What Vance was careful to sidestep in her Polyanna-ish determination to focus our attention on the good intentions of Nanaia Mahuta and her colleagues, was the rock-solid promises of both the National and Act parties to dismantle the entire scheme the moment they reclaim the Treasury Benches. This is hardly surprising, because the Right’s pledge to repeal Three Waters makes a nonsense of the Government’s key explanation for the undemocratic construction of the four “entities” responsible for delivering the Three Water’s objectives.
We are told, by Vance herself, that the governance structure has been designed according to the specifications of the Standard and Poor’s credit- rating agency – now known as S&P Global Ratings. Without it, says S&P, the cheap money required to repair New Zealand’s drinking-, storm-, and waste-water infrastructure will not be forthcoming.
It is worth spending a few moments unpicking this extraordinary intervention from the enforcers of international finance. Essentially what the world’s money-lenders are saying is that, when it comes to financing large infrastructure projects, democratic accountability is a deal-breaker. The surprise here is not S&P’s demand, but this government’s uncritical acceptance of it. Rarely has the naked power-politics of the neoliberal world order been on such unabashed display. That the Labour Cabinet, Labour’s parliamentary caucus, and the Labour Party organisation, itself, have so meekly rolled-over on this issue is astonishing. That they have then concluded that slitting Democracy’s throat is their sad but necessary duty, is more than astonishing – it’s chilling.
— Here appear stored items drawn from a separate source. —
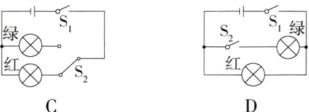 C 交通信号灯的红灯与绿灯工作时互不影响,所以两灯是并联关系;工作时通过开关控制电路中只有红灯工作或只有绿灯工作,故只有C符合要求。
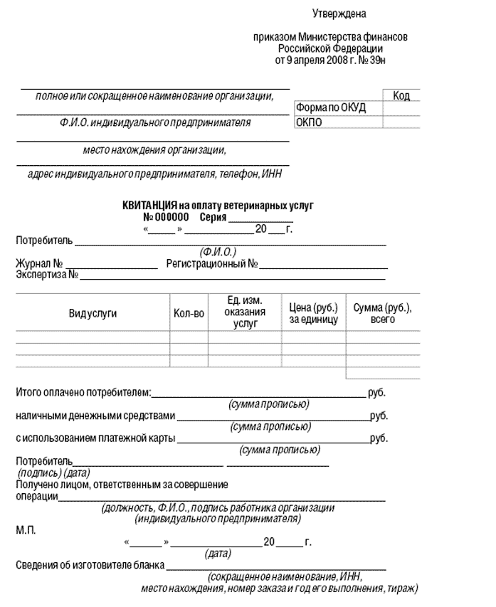 Об утверждении формы бланка строгой отчетности «Квитанция на оплату ветеринарных услуг»
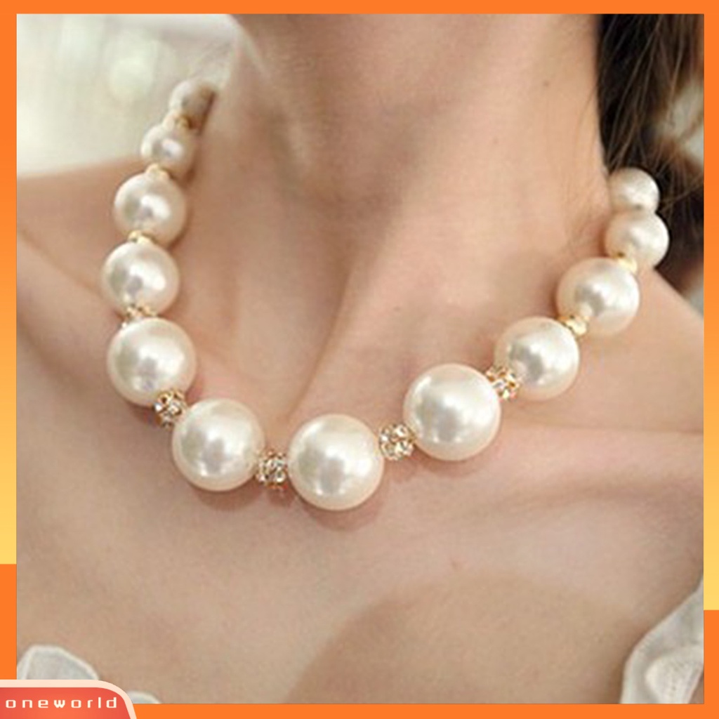Aksesoris Fashion > Kalung > Kalung Lainnya > [WONE] Kalung Wanita Berlian Imitasi Mutiara Imitasi Bahan Alloy Round Short Type Necklace Untuk Valentine Day
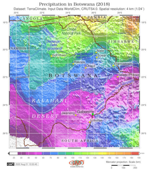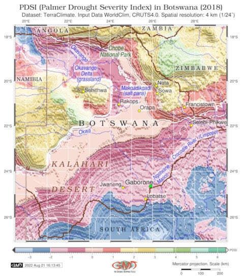 Africa; Botswana; cartography; climate; computer science; data science; drought; GMT; mapping; programming 1. Introduction
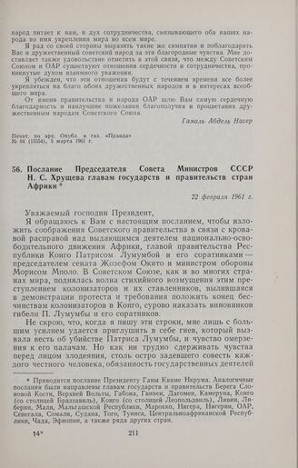 Послание Председателя Совета Министров СССР Н.С. Хрущева главам государств и правительств стран Африки. 22 февраля 1961 г.
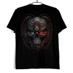 Koszulka męska w kolorze czarnym ze wzworem czaszki biomechanicznnej. Na nadruku znajduje się widoczna mechaniczna kompozycja czaszki wraz z dwukolorowymi, świecącymi oczami w odcieniach czerwieni i niebieskiego, na czole czaszki są czerwone lasery. W tle przdtawione są przewody, które w idealny sposób komponują się z całym wzorem koszulki.
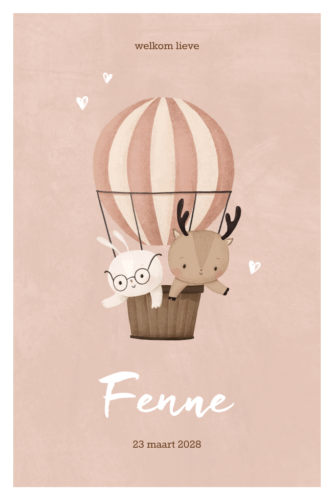 Zachtroze geboortekaartje met luchtballon en lieve diertjes
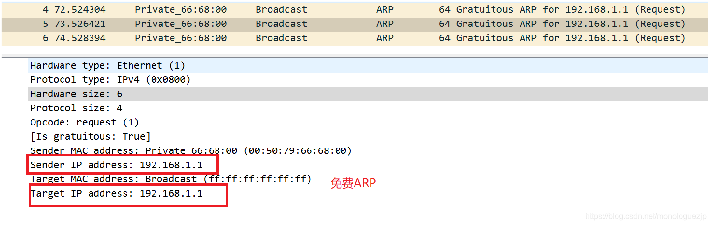 上图所示,通过抓包发现免费ARP的报文中,目的IP地址也是自己本身,这也是它与其他ARP包的区别之处。在网络中IP地址分配正常的情况下,我们可以看到,免费ARP请求报文是没有响应报文的。一旦免费ARP出现了响应报文,就说明当前主机配置的IP地址已经存在,与其他主机冲突了。
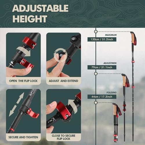 【Easy To Fold】:With a folded size of 17.3”, the collapsible hiking poles are compact and easy to carry, making them ideal for hikers, backpackers, and adventurers to ensure you’re always ready for your next trip.
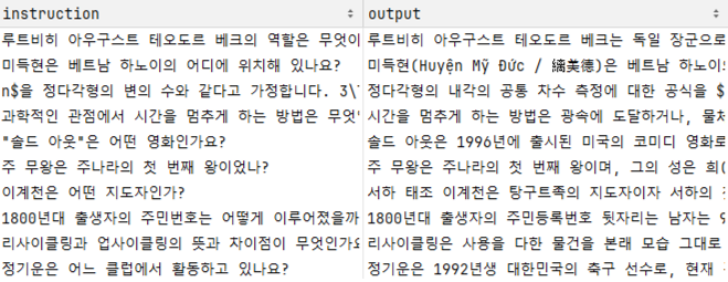 입력 및 출력의 형식이 일관되지 않고, 부정확한 instruction, output으로 작성되어 있었다.

Vance simply passes over this brutal abrogation of New Zealand’s sovereignty, and the political facilitation it has elicited, without comment, exposing with unusual clarity the ideological bankruptcy of “woke” journalism. Vance is eloquent in her description of the racism inherent in local government’s treatment of Māori, but she has nothing at all to say about the derangement of this country’s democratic institutions at the behest of neoliberalism’s international enforcers. The wonder of it all is that Vance and her journalistic colleagues still evince surprise and indignation when they find themselves bracketed with the Left’s politicians as “enemies of the people”.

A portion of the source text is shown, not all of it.